RPC PS Benchmark
How to add your experiment
- Data
- Create a data class and add it to the data directory
- Update benchmark_class_helper.py to include your data class in the data_map
- Add configurations to data_configurations.json in the configurations directory
- Model
- Create a model class and add it to the model directory
- Update benchmark_class_helper.py to include your model class in the model_map
- Add configurations to model_configurations.json in the configurations directory
- Trainer
- Create a trainer class and add it to the trainer directory
- Update benchmark_class_helper.py to include your trainer class in the trainer_map
- Add configurations to trainer_configurations.json in the configurations directory
- Parameter Server
- Create a parameter server class and add it to the parameter_servers directory
- Update benchmark_class_helper.py to include your parameter_server class in the ps_map
- Add configurations to parameter_server_configurations.json in the configurations directory
- Script
- Create a bash script for your experiment and add it to the experiment_scripts directory
- Testing
- Add a test method for your script to test_scripts.py
Trainer class
The trainer directory contains base classes to provide a starting point for implementing a trainer. Inherit from a base class and implement your trainer. The benchmark has two requirements for trainers.

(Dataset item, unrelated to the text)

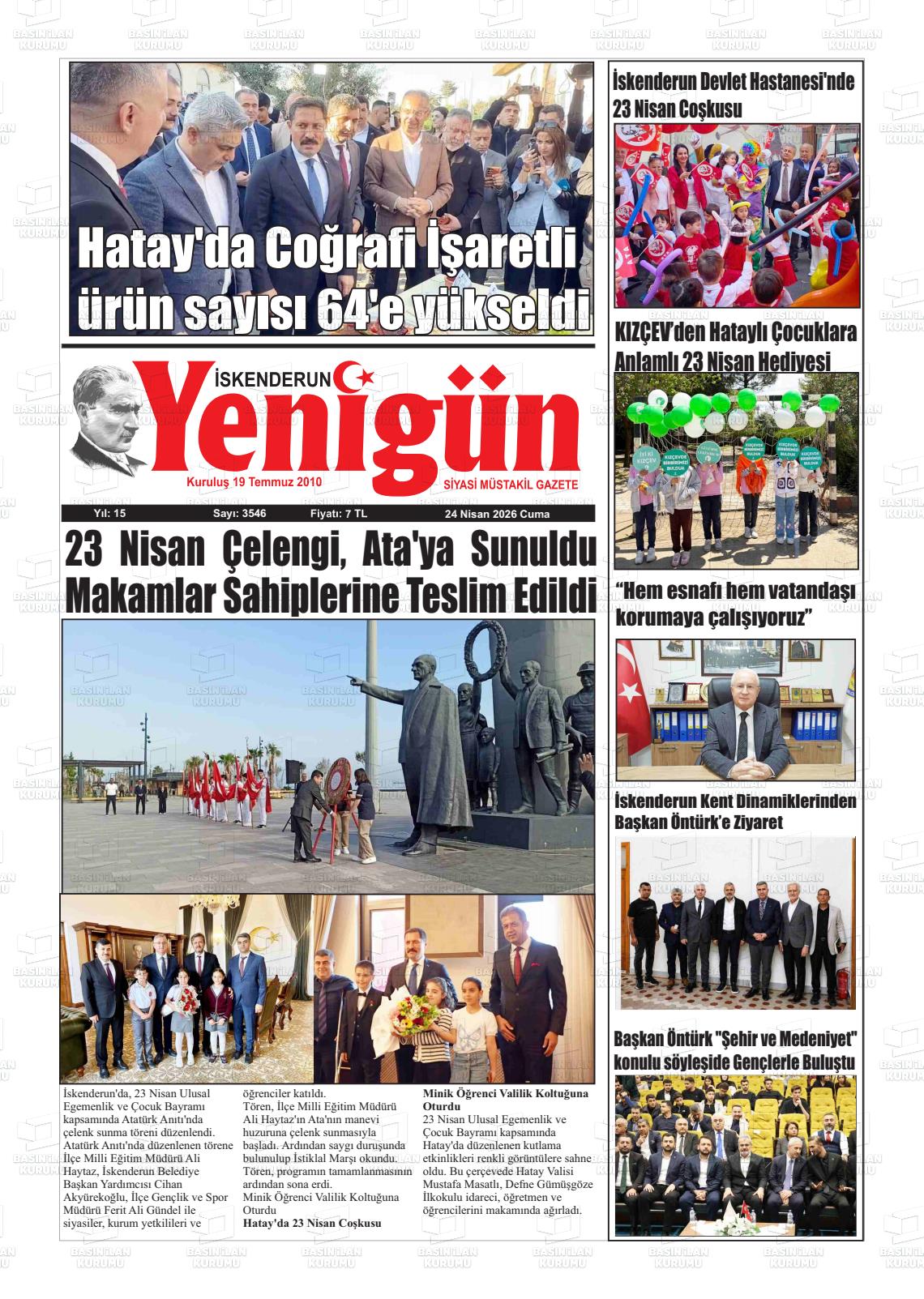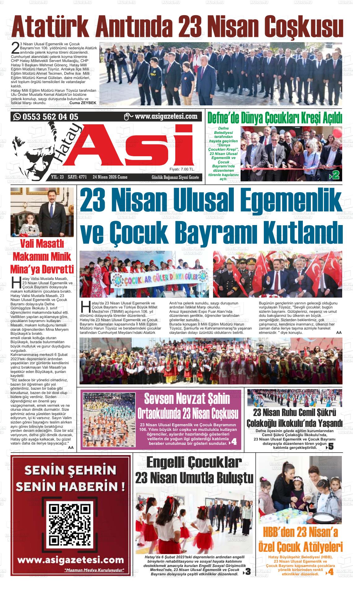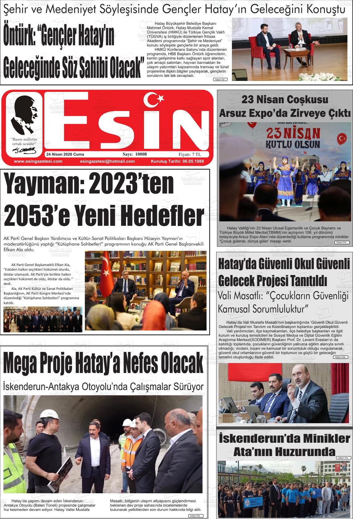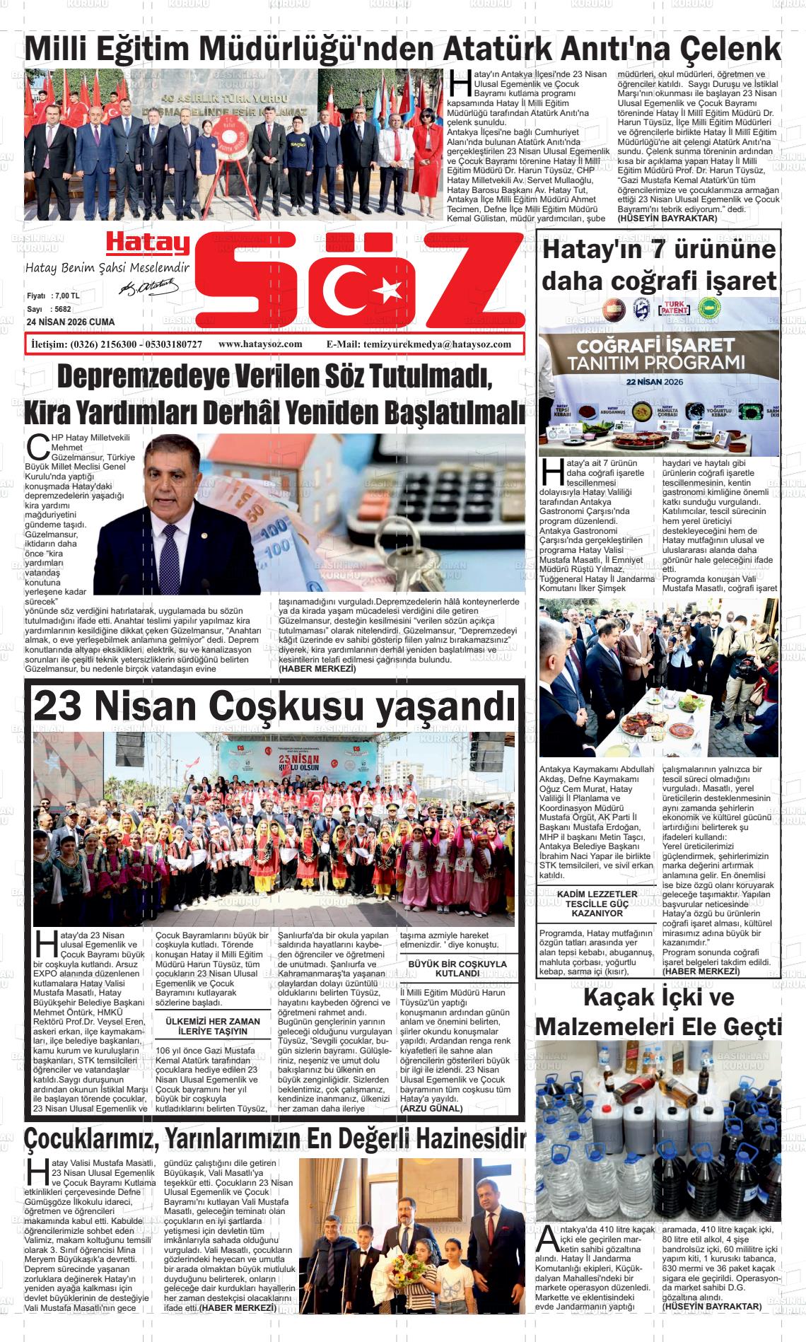Hatay Yerel Gazeteleri 24 Nisan 2026, Cuma Günü Manşeti

It must implement a init method that takes rank, trainer_count, and ps_rref as arguments
def __init__(self, rank, trainer_count, ps_rref, backend, use_cuda_rpc):
It must implement a train method that takes model and data as arguments.

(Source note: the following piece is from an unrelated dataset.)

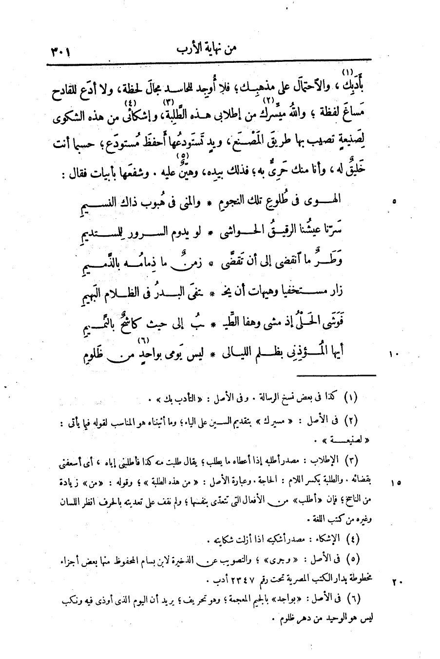 بأدبك «1» ، والاحتمال على مذهبك؛ فلا أوجد للحاسد مجال لحظة، ولا أدع للقادح مساغ لفظة؛ والله ميسّرك «2» من إطلابى هذه الطّلبة «3» ، وإشكائى «4» من هذه الشكوى لصنيعة تصيب بها طريق المصنع، ويد تستودعها أحفظ مستودع؛ حسبما أنت خليق له، وأنا منك حرىّ به؛ فذلك بيده، وهيّن «5» عليه. وشفعها بأبيات فقال:
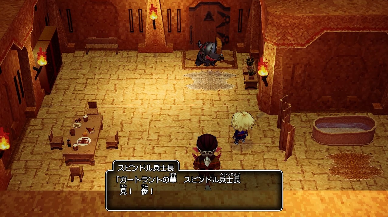 ガートランドの城下町に戻って、作りかけのぬいぐるみをスピンドル兵士長に渡しました。

def train(self, model, data):
Parameter Server class
The parameter_server directory contains base classes to provide a starting point for implementing a parameter server. Inherit from a base class and implement your parameter server. The benchmark has two requirements for parameter servers.
It must implement a init method that takes rank and ps_trainer_count as arguments
def __init__(self, rank, ps_trainer_count, backend, use_cuda_rpc):
It must implement a reset_state method
def reset_state(ps_rref):
Testing
Use pytest
to run the test methods added to test_scripts.py. To test all the scripts added use pytest test_scripts.py
.